Does this make MO any money?

Can the Mail translate this audience into revenue? MO's rate card - as Robert Andrews uncovered - asks for CPM rates of between £20 and £40 - so assuming that the site manages to sell direct inventory to agencies at, say, 25 percent of its rate card for a £25 CPM slot - with some back-of-napkin calculations then they might expect to make £37,500 from six million users a day. Some interesting debate on this today from @Lakey and several others:

 

(Update: As Paul Lomax and others have mentioned on Twitter, the real CPM price will be even lower still - perhaps something like £1 or less, with much of the traffic being given over to remant, so my prediction is a little optimistic.)
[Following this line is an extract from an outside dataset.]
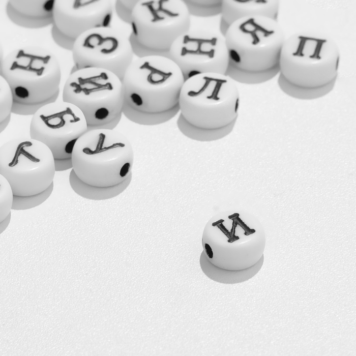 Бусина из акрила «Алфавит» МИКС, 7×4 мм, (набор 10 г), цвет чёрно-белый

MO contributed £16 million in revenue in 2011 - not nearly enough to cover its heavy expansion costs in the UK and US - but there isn't a feeling of panic. The Daily Mail makes enough in print (although four percent down in 2011) to allow its online sister to grow slowly, as the annual report shows:

DMGT revenue split 2011

 

So it's ads all the way. But DMGT watchers may have noticed the 2011 annual report's key line on the site's monetisation: "...investment continues in new and emerging business models, particularly MailOnline which is key to future growth, and A&N Media Enterprises, which sells products and services directly to customers."

If nothing else, it's seems that there's a business model in outraging people.